“You do it to yourself, you do
And that’s what really hurts
Is that you do it to yourself, just you
You and no one else
You do it to yourself”
If, like me, you were a teenager in 1995, the year Radiohead released its album “The Bends,” then you probably recognize those lyrics.
They’re from the song “Just,” which might as well be the theme song for ad tech, an industry no longer in a position to self-regulate as it had been doing for decades and decades.
“We’ve been an unregulated industry for over 100 years,” said Richy Glassberg, CEO and co-founder of privacy compliance startup SafeGuard Privacy, speaking on a panel at an ID5 event in New York City last week.
“We’re now a heavily regulated industry,” Glassberg continued, “and if you don’t understand that, it’s a big misconception.”
The fact is, Glassberg said, the many privacy laws we’re seeing “are a direct result of the fact that our industry, for the last 15 years, abused the respect of consumers. We forgot about the consumer.”
“You do it to yourself, you do
And that’s what really hurts.”
So regulators stepped in – but they’re not the only ones who took a cue. Class-action attorneys are getting busy, too.
“Lawyers are looking for what pixels are firing,” said Brian Kane, COO and co-founder of data privacy software company Sourcepoint. “Whether it’s the VPPA [Video Privacy Protection Act] or CIPA [California Invasion of Privacy Act], there’s a bunch of privacy-related activity that’s not just regulation.”
Meanwhile, regulators are more than ready to pick low-hanging fruit, and there’s quite a lot of it.
For example, if a business tells its consumers they can opt out of data collection by reaching out to a general privacy@companyname.com email address, then someone needs to check that inbox regularly and actually process the requests.
But you’d be surprised how often businesses don’t respond to messages, including to those from regulators.
Glassberg pointed to an observation he heard shared on stage by an enforcement official in California speaking at a private event in February.
“She said they were sending letters to companies, to the privacy mailbox, and people weren’t responding,” Glassberg said. “She very clearly said, ‘Be transparent. If you’re telling your customer to reach out at privacy@blankcompany and then you don’t answer me, a regulator? Then you’re not answering your consumer either.’”

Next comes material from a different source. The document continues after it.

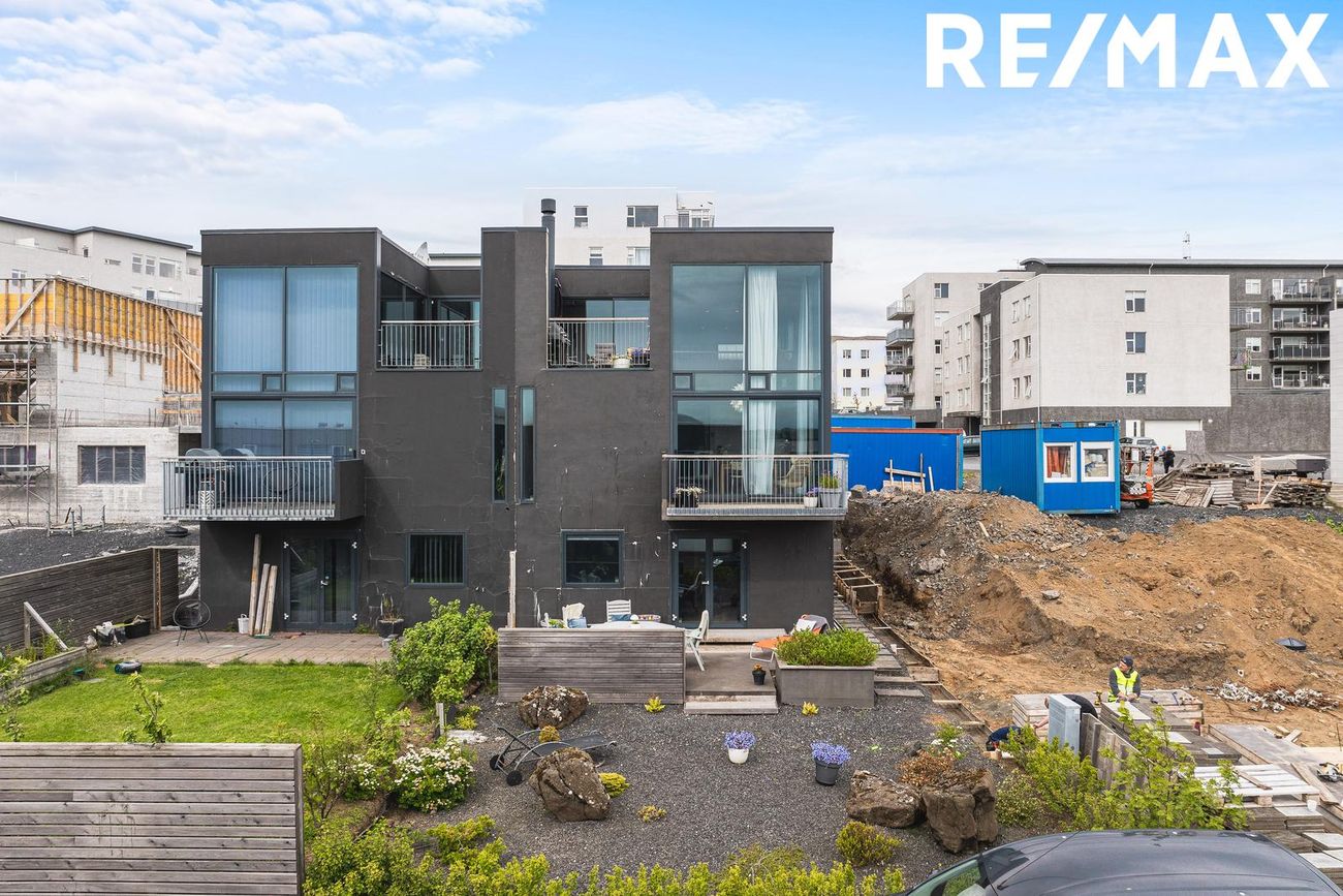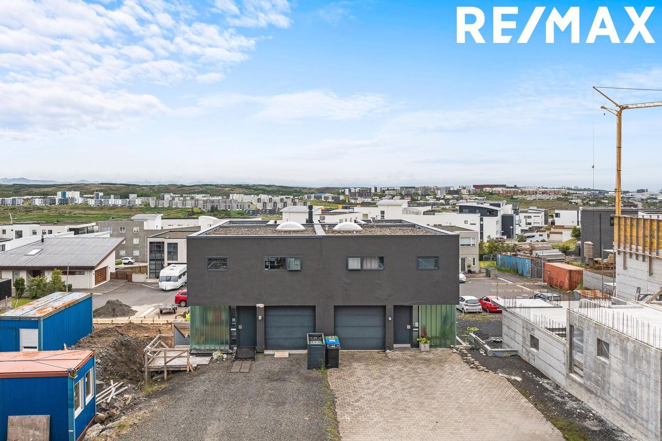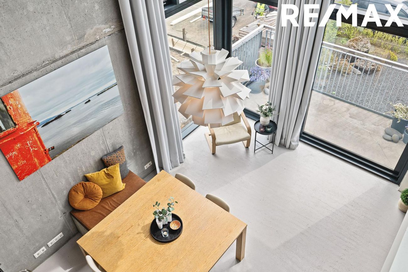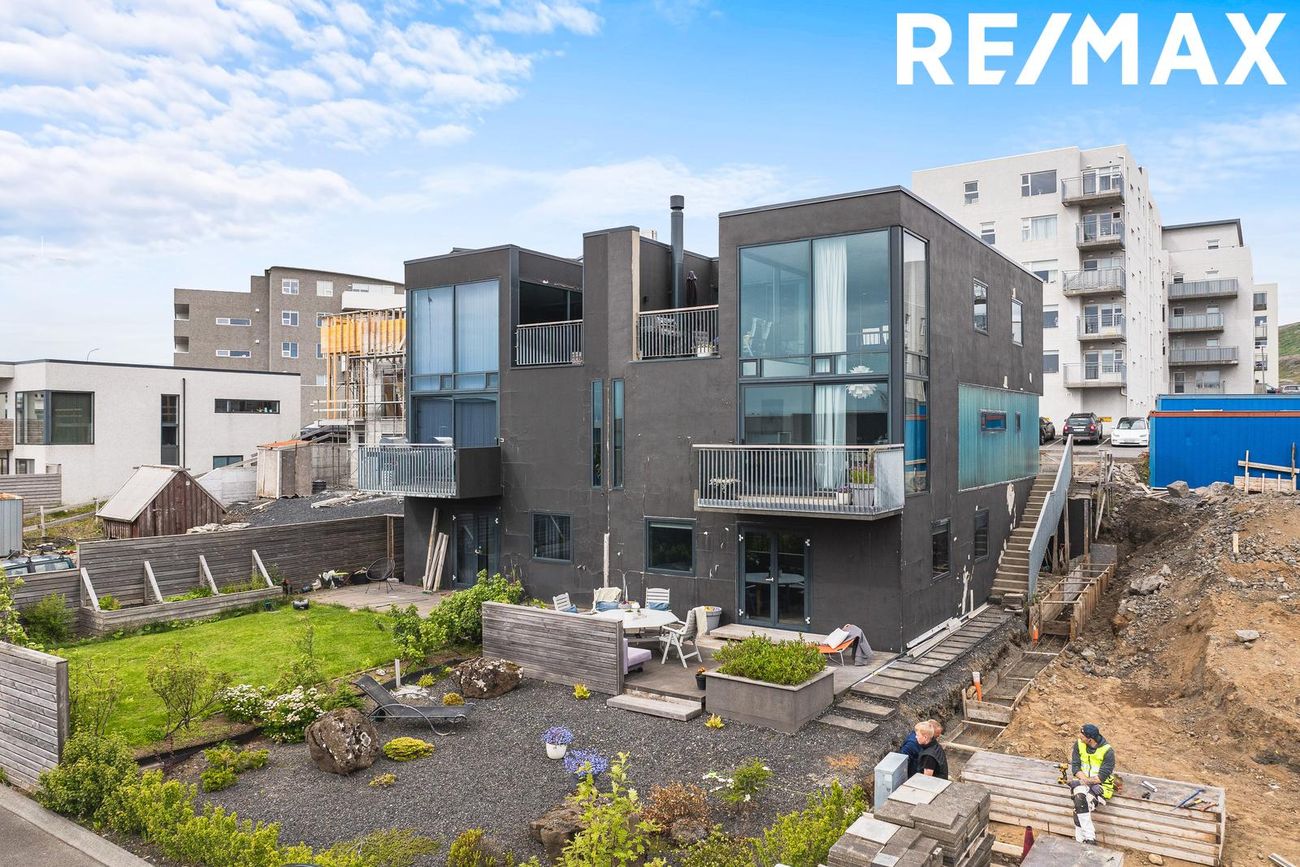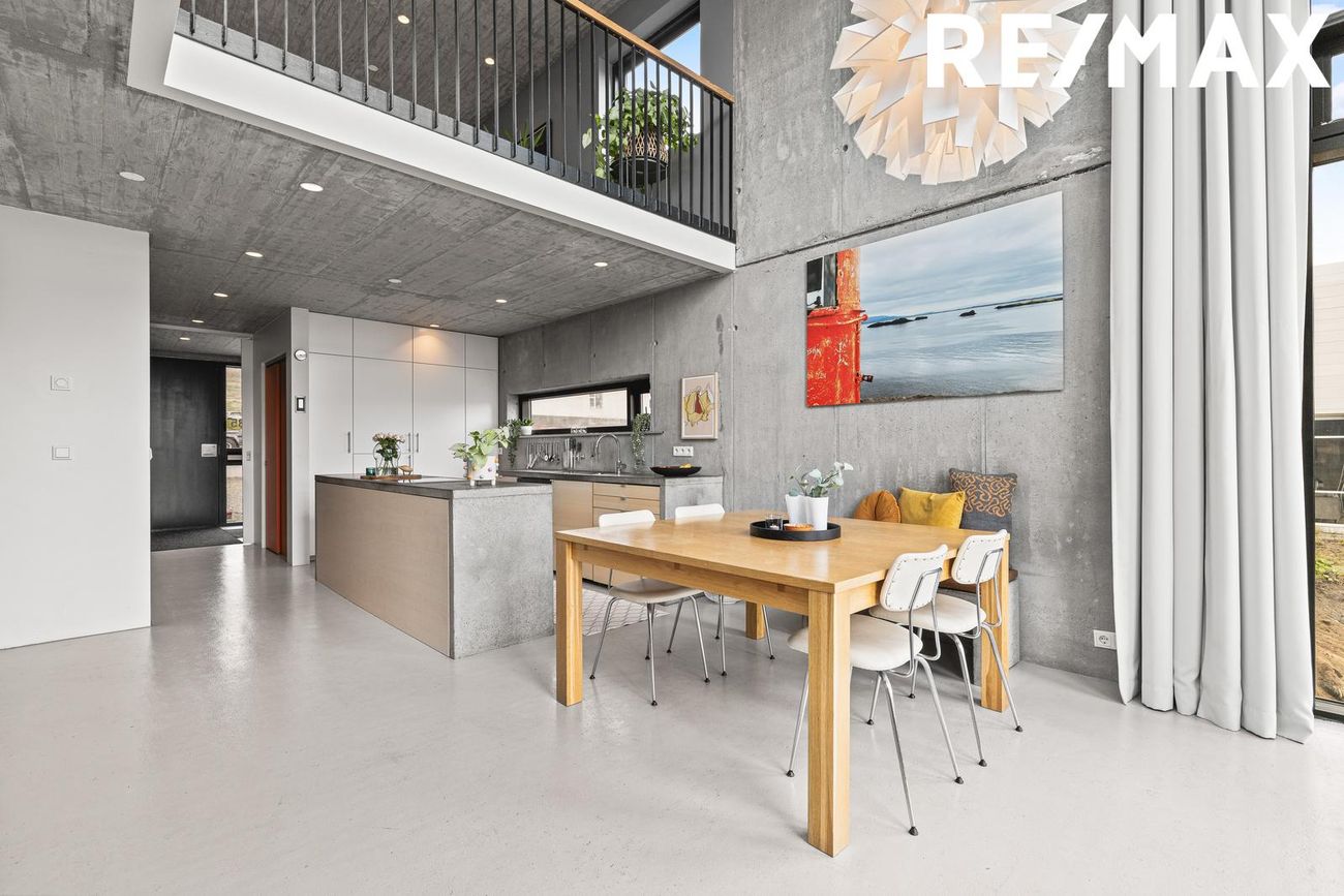 Parhús í mödernískum stíl með opnu rými, 5 metra lofthæð á aðalhæð, sjónsteypuveggjum og möguleikum á aukaíbúð. Hús með sterku harðparketi, steyptum stigum og innfelldri LED lýsingu.

In other words, have a little respect. (That’s a nod to Erasure in keeping with my musical theme. Fun fact, “A Little Respect” was released in 1988, which just so happens to be the year that then-President Ronald Reagan signed the VPPA into law. Life is a flat circle.)
Anyway, have a little respect and “have an awareness of how we got here,” said InfoSum CEO Lauren Wetzel. “Which is to say, we were pretty careless with data.”
I dunno what else to add to that other than 👏👏👏 and 🫠.